## TASK REQUIREMENTS:
The expected result is the full listing, retyped exactly, without a single picture.

## RECORDED DATA:
□ □ □ □ □ □ □

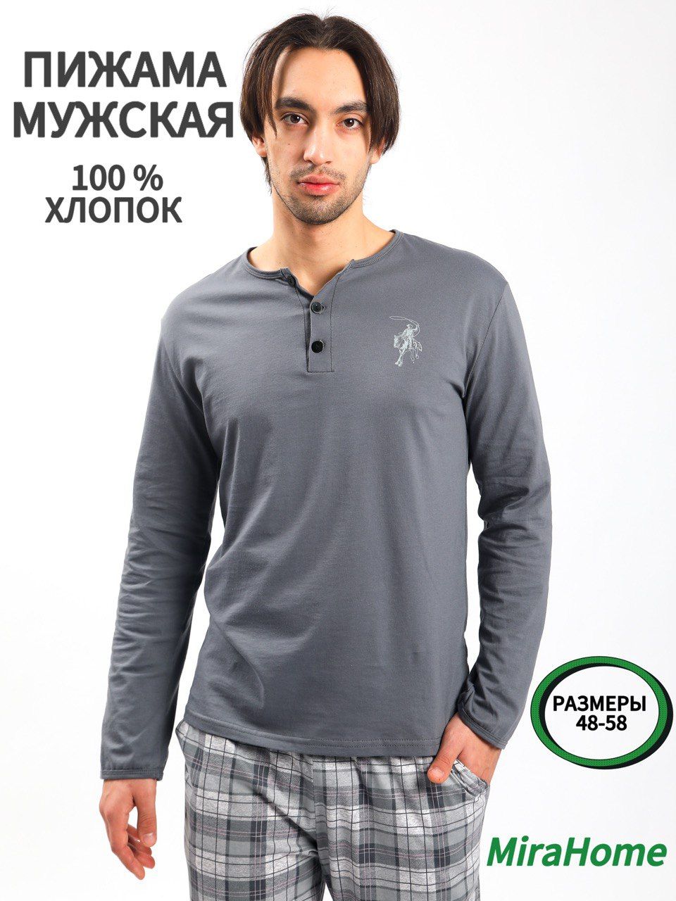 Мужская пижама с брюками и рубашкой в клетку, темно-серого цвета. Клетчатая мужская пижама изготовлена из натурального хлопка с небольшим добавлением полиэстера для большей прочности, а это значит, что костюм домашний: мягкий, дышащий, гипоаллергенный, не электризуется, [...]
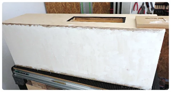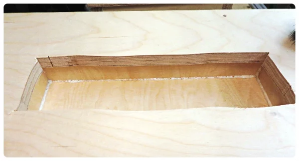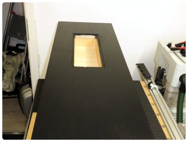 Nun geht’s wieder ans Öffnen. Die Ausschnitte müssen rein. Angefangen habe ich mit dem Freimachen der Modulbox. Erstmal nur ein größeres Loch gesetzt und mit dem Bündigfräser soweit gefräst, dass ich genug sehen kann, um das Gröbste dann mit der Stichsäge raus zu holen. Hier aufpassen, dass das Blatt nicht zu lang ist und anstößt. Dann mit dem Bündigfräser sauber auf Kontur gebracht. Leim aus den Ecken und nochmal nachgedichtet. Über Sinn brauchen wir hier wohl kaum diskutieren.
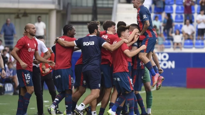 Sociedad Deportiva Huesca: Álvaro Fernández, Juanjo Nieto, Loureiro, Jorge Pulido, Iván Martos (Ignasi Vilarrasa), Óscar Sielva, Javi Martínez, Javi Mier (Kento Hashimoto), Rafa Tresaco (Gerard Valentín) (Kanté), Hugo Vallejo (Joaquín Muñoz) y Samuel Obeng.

□ □ □ □ □ □ □

## ANSWER BELOW:
 Мужская пижама с брюками и рубашкой в клетку, темно-серого цвета. Клетчатая мужская пижама изготовлена из натурального хлопка с небольшим добавлением полиэстера для большей прочности, а это значит, что костюм домашний: мягкий, дышащий, гипоаллергенный, не электризуется, [...]
 Nun geht’s wieder ans Öffnen. Die Ausschnitte müssen rein. Angefangen habe ich mit dem Freimachen der Modulbox. Erstmal nur ein größeres Loch gesetzt und mit dem Bündigfräser soweit gefräst, dass ich genug sehen kann, um das Gröbste dann mit der Stichsäge raus zu holen. Hier aufpassen, dass das Blatt nicht zu lang ist und anstößt. Dann mit dem Bündigfräser sauber auf Kontur gebracht. Leim aus den Ecken und nochmal nachgedichtet. Über Sinn brauchen wir hier wohl kaum diskutieren.
 Sociedad Deportiva Huesca: Álvaro Fernández, Juanjo Nieto, Loureiro, Jorge Pulido, Iván Martos (Ignasi Vilarrasa), Óscar Sielva, Javi Martínez, Javi Mier (Kento Hashimoto), Rafa Tresaco (Gerard Valentín) (Kanté), Hugo Vallejo (Joaquín Muñoz) y Samuel Obeng.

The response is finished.